WHAT THE TASK ASKS ▸ A word-for-word copy of the listing is what's needed; leave out every image.

STORED DATA ▸
□ □ □

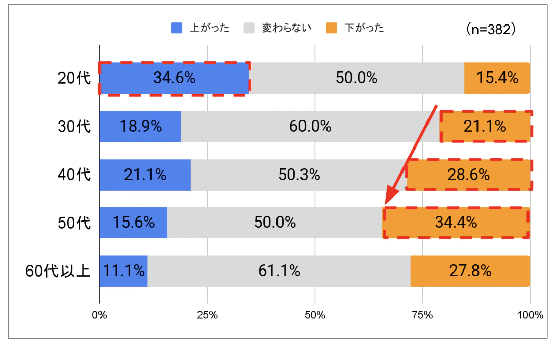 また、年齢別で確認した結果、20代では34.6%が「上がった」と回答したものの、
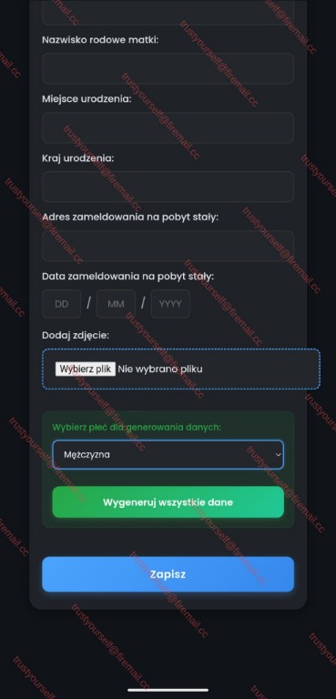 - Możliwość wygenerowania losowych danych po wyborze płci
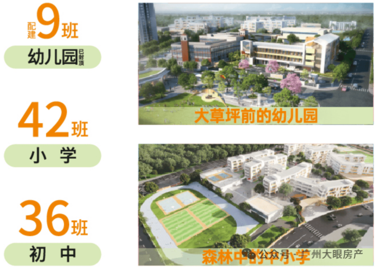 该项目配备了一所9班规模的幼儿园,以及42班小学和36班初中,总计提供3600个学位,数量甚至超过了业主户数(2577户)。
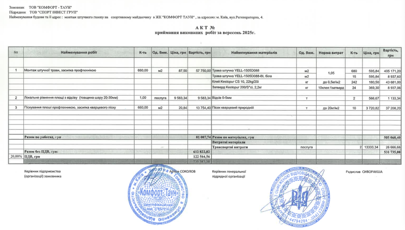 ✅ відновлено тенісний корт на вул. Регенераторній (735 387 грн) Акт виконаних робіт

□ □ □

THE COMPLETED TASK ▸
 また、年齢別で確認した結果、20代では34.6%が「上がった」と回答したものの、
 - Możliwość wygenerowania losowych danych po wyborze płci
 该项目配备了一所9班规模的幼儿园,以及42班小学和36班初中,总计提供3600个学位,数量甚至超过了业主户数(2577户)。
 ✅ відновлено тенісний корт на вул. Регенераторній (735 387 грн) Акт виконаних робіт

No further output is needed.